It's no surprise that I find value in goal setting. I am also well aware of the pitfalls of it: being hard if I don't meet them or feeling frustrated. What I do like about it is that it allows me to evaluate what I'm doing and how it may be contributing (or not) to my goals.  I wrote about this year's goals here

So with that in mind let's see where we are: 

Carmen:

1.  Maintain an even rhythm in all three gaits. And when we lose it, get it back within a stride or two. 

This is going really well. I'm so much better at keeping her in rhythm and my awareness of when she shits is much better. It's still a work in progress (and maybe always will be) so I'm keeping this one. 

2. improve our ability to adjust the length of stride within the gait while maintaining the rhythm. 

This is so much better. In the past any ask for lengthen was met with an increase in speed. Jane is on me to not let go of the contact when I ask for a lengthen because that drops her on her forehand and causes her to speed up to keep her balance. Funnily enough, if I keep the contact and ask her to push she actually changes the length of her stride and I can really feel the push.  I'm going to amend this goal to: 

Maintain contact while adjusting the length of stride and keeping the rhythm and speed the same. 

3. keep her attention on me and don't accept her giving me half-assed responses

this is improved 99.9%. Probably because I'm so much better with distractions (funny that).

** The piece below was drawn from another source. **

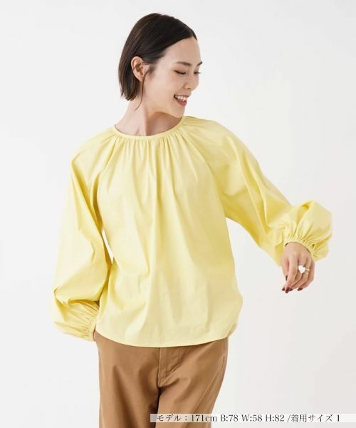ネックラインや袖口などにギャザーをたっぷりと入れ、ふんわり感を際立たせたフェミニンなブラウス。バックネックのドロップホールにはひと粒パールをあしらい、そっとエレガンスを投入しました。幅広いボトムスとさらりと合わせられる無地デザインでデイリーユースに活躍する一枚です。タイトスカートと合わせたキレイめなスタイルからパンツと合わせたカジュアルスタイルなど様々な着こなしが楽しめます。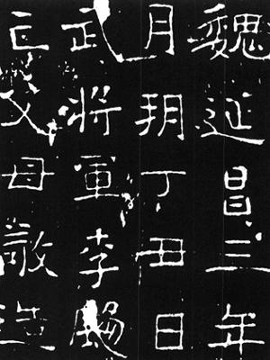 【简介】: 北魏延昌三年(514)八月刻。正书。五行,行六字。《中国书法大辞典》著录。 【赏析】:  当我们在北魏的衆多碑刻中遨游,都会爲碑刻中那逼人的气势所震撼。截铁斩钉、峻朴骠悍往往在许多人心目中成了魏碑的代名词。但如具体地去认识,又可以发现魏碑书法其实是极爲多姿多彩的。《李飏造像记》给我们带来了淸劲温和之风,其线条纤丽,方圆交融,挺劲而又具有优美舒缓的弧度。意味是那样朗健、淸润、细腻、文雅。其结字端方挺健,隷法隐存,境界淸空。 这方碑刻把我们的思緖带到了初唐。虞世南、褚遂良的楷书,尽管都在二王笼罩之下,但与此碑亦有气息相通之处。那轻健舒展,淸和淡远,绝缘于霸悍凌厉等,都使我们不难沟通它们之间的内在联繫。 |

I'm making sure that if I ask for something, like a shoulder in, I make sure that she's trying. I'm going to change it to make it less of a goal and more of a strategy for 90% of my other goals. If that makes sense. 

4. Improve our turn on the haunches. She tends to step wide with her hind leg and my ability to feel this needs to improve. 

Our ToH is better but I still have trouble feeling when she steps wide. So this one is staying. 

I'm adding a new goal. Although, technically I've been working on it but just haven't put it down: 

Develop an effective half-halt at all three gaits to allow for a shifting of weight to the hind leg and to improve transitions, rhythm and effectiveness of the aids. 

Carmen: I'm perfect in every way


Quaid

1.  have a more consistent canter, including the transition

Way better at home. Non-existent in other places or when stressed.  I'm going to amend this goal to: 

Have a consistent canter in various contexts (locations, stressful situation). 

2. decrease his separation anxiety when we're away and I take Carmen away. 

So much better. At the show he whinnied a lot but there was no kicking. At home he doesn't care, even if I put him in the stall. he still needs more of this so I'm going to keep it. 

3.  improve his acceptance of contact. 

Oh my gosh, this is so much better. It's not like he doesn't duck or pull, he does. But more and more he's going to contact and staying there. At least at home. Again, when we go somewhere it regresses a bit. Which is probably his anxiety and my anxiety about his anxiety coming into play.  

I'm going to amend this to: 

Improve his acceptance of contact at home and in other situations by maintaining a steady hand and pushing him to contact, not pulling. 

4. Be ready to show him at Training Level this year. 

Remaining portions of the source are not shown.